The second Annual Bank Conference on Africa happened in Berkeley, CA, earlier this week, and the World Bank’s Development Impact blog has an outstanding summary of the 50-odd papers presented there. If you have to pick between reading this post and that one, go there.
One paper on that roster that caught my eye revisits the choice of statistical models for the study of civil wars. As authors John Paul Dunne and Nan Tian describe, the default choice is logistic regression, although probit gets a little playing time, too. They argue, however, that a zero-inflated Poisson (ZIP) model matches the data-generating process better than either of these traditional picks, and they show that this choice affects what we learn about the causes of civil conflict.
Having worked on statistical models of civil conflict for nearly 20 years, I have some opinions on that model-choice issue, but those aren’t what I want to discuss right now. Instead, I want to wonder aloud why more researchers don’t use prediction as the yardstick—or at least one of the yardsticks—for adjudicating these model comparisons.
In their paper, Dunne and Tian stake their claim about the superiority of ZIP to logit and probit on comparisons of Akaike information criteria (AIC) and Vuong tests. Okay, but if their goal is to see if ZIP fits the underlying data-generating process better than those other choices, what better way to find out than by comparing out-of-sample predictive power?
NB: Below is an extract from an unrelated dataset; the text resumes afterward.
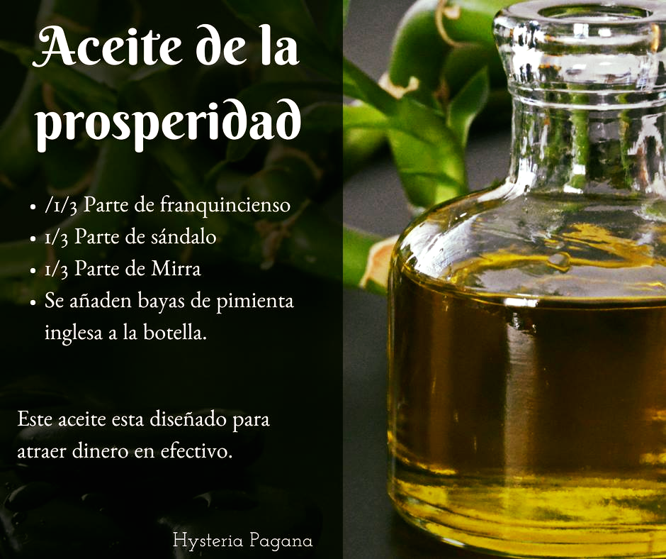 En conjunto los aceites esenciales, en combinación con diversos elementos pueden generar cambios en nuestro sistema, desde la eliminación de dolencias, malestares físicos, eliminación del estrés y la ansiedad como atraer la prosperidad, y darnos protección. Aquí les dejaremos algunos cuantos aceites mágicos para distintos propósitos:

Prediction is fundamental to the accumulation of scientific knowledge. The better we understand why and how something happens, the more accurate our predictions of it should be. When we estimate models from observational data and only look at how well our models fit the data from which they were estimated, we learn some things about the structure of that data set, but we don’t learn how well those things generalize to other relevant data sets. If we believe that the world isn’t deterministic—that the observed data are just one of many possible realizations of the world—then we need to care about that ability to generalize, because that generalization and the discovery of its current limits is the heart of the scientific enterprise.
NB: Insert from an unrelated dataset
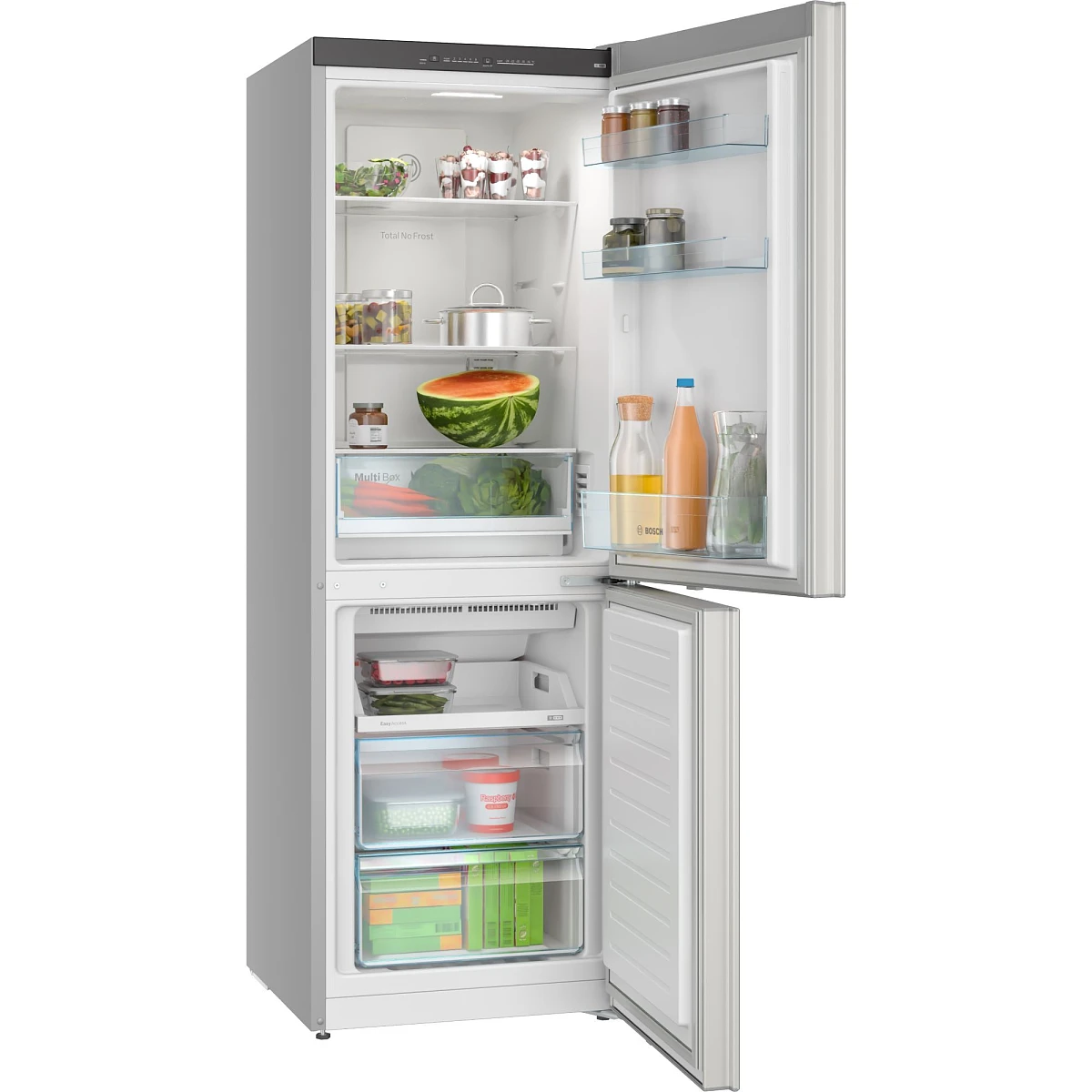 Dzięki technologii Total No Frost zapomnij o rozmrażaniu zamrażarki. Odprowadza wilgoć i utrzymuje suche powietrze, zapobiegając tworzeniu się szronu na ściankach i żywności. Dotyczy to również obszaru lodówki. Pożegnaj się z kroplami wody i tworzeniem się lodu na tylnej ścianie. Nie tylko oszczędza to kłopotliwego rozmrażania czy czyszczenia, ale także sprawia, że urządzenie jest bardziej energooszczędne.

From a scientific standpoint, the ideal world would be one in which we could estimate models representing rival theories, then compare the accuracy of the predictions they generate across a large number of relevant “trials” as they unfold in real time. That’s difficult for scholars studying big but rare events like civil wars and wars between states; though; a lot of time has to pass before we’ll see enough new examples to make a statistically powerful comparison across models.
But, hey, there’s an app for that—cross-validation! Instead of using all the data in the initial estimation, hold some out to use as a test set for the models we get from the rest. Better yet, split the data into several equally-sized folds and then iterate the training and testing across all possible groupings of them (k-fold cross-validation). Even better, repeat that process a bunch of times and compare distributions of the resulting statistics.
Prediction is the gold standard in most scientific fields, and cross-validation is standard practice in many areas of applied forecasting, because they are more informative than in-sample tests. For some reason, political science still mostly eschews both.* Here’s hoping that changes soon.
* For some recent exceptions to this rule on topics in world politics, see Ward, Greenhill, and Bakke and Blair, Blattman, and Hartman on predicting civil conflict; Chadefaux on warning signs of interstate war; Hill and Jones on state repression; and Chenoweth and me on the onset of nonviolent campaigns.